I know it will never feel whole again as a little piece of my heart died the day
she passed away.
This was also a year of new beginnings. I
started my first job and even though it felt quite scary in the beginning I
have become more independent and I’m really grateful for it.
My personal life has been a roller coaster
of emotions. I have cried like never before but I have also been incredibly
happy in some occasions. I don’t see my future as something stable and that is
something that makes me incredibly sad and anxious, but that is something I
have to deal with as we never now what tomorrow might bring.
I was thinking about including my 2017
goals in this post, but actually I never stick to them. So instead I will just
list a few things that I would like 2017 to bring me:
- Stop overthinking and overanalysing things. I always do this and it makes my anxiety levels go sky high. I´m not sure if I believe that everything is set in stone and that things happen for a reason, but I do believe that you can fight for what you want to a certain extent. In the end you don’t have complete control of any situation, so this year I want my mantra to be “Que será será”.
- Do things that make you happy, ignore what other people may think and don’t feel guilty about it.
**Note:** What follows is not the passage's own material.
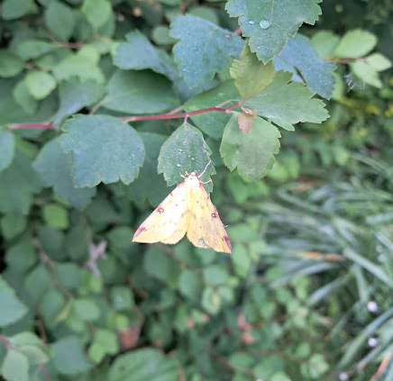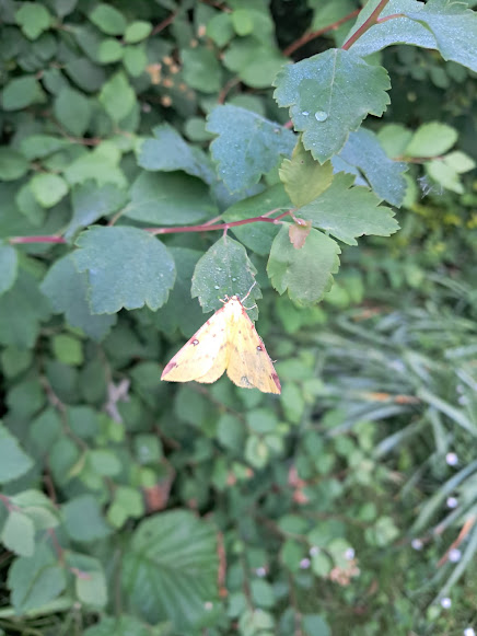 On a l’habitude de penser que les papillons nocturnes sont ternes, sans couleur dans leurs habits majoritairement gris, en un mot… moches. Les sphinx font souvent exception, mais pas qu’eux, loin de là ! La Citronnelle rouillée (Opisthograptis luteolata) de la familles Géométridae est ainsi d’une couleur générale jaune citron – même les pattes ! – lui donnant des allures de papillon diurne comme le Citron. Sur le bord antérieur des ailes, des taches rouille justifient son nom. Les Britanniques la nomment Brimstone moth, le papillon nocturne “couleur de soufre”.

In my teens I was an absolute party animal, with time I have slowly become quite introvert and I try to escape large social gatherings. At first I felt quite bad, I felt like I was letting people down and that something was seriously wrong with me. But why do I have to be the one with the problem? Just because I don’t like doing what is “socially acceptable” and what the majority of people like to do, doesn’t mean that there is something wrong with me.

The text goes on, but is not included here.